Failing to Plan for Capital Gains Tax

Quick turnaround is the name of the game for house flippers, but don't forget to plan for capital gains tax. The IRS imposes this short-term tax at your standard rate if you hold an asset for less than 12 months before selling it for a profit. Some house flippers simply budget for this cost when calculating their bottom lines, while others avoid capital gains tax on up to $250,000 in earnings by living in the home while making repairs. 

Spending Too Much on a Property

Novice flippers often let renovations cut into their profit. They might buy a home needing more work than they expected or overestimate the potential value of a property after renovations. Evaluate each deal using the 70% rule. Simply put, the total cost of the property and the renovations should total less than 70% of its projected sale value, providing 30% profit.

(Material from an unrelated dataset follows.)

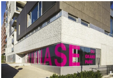
Jeu de contraste entre les panneaux de béton blanc et les panneaux de béton lisse recouverts d'une peinture métallisée.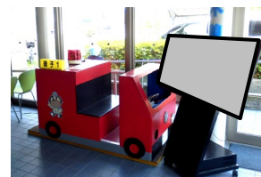
磯子消防署（イメージ）

Let's look at an example. If you think you can sell a $100,000 property for $200,000 after $50,000 in renovations, your profit is only 25% of the deal. Look for a property with a wider possible profit margin. 

Ignoring Red Flags

Every flipper loves a challenge, but some homes have serious issues that can't be fixed on a profitable budget or schedule. Walk away from a property with asbestos, mold, foundation issues or severe water damage and familiarize yourself with the signs of these problems (or hire a trustworthy home inspector, which you should do anyway). Antiquated knob-and-tube wiring is notoriously costly to bring up to code. Think twice before investing in a termite-infested home. 

Relying Solely on DIY

Construction knowledge improves your chances of house flipping success, but you should also know when to call in the pros. Unless you have training and certification, consult with a contractor if you plan to knock down walls to change the interior layout, require lead paint removal, or need electrical, foundation, HVAC or plumbing work. Code issues from improper or insufficient repairs can prolong the process of permitting the property or even result in lawsuits. 

Going Overboard With Upgrades

First-time flippers tend to get carried away with shiny fixtures and cool new features. While a few special finishing touches can set your flip apart from the competition, too many upgrades will quickly blow your budget and cut into your profit.

Another issue? It can be difficult to recoup your investment if you are trying to sell the nicest house in the neighborhood. Do your research and make sure the area can support the property's projected sales value. 

Giving Up Your Day Job

When you first start out, view your house-flipping enterprise as an extra stream of income rather than a replacement for your nine-to-five. While it can be tempting to quit your job after a successful real estate deal or two, the volatility of the housing market underscores the importance of a solid backup plan in the form of a steady salary.

Starting small is the best way to excel in the flipping realm. Don't bite off more than you can chew on your first attempt. 

Don't let the reality shows fool you; house flipping is far from a passive source of income. Taking steps to avoid these six pitfalls can improve the likelihood of a profitable real estate deal, which can lead to the slow, smart and steady expansion of your enterprise.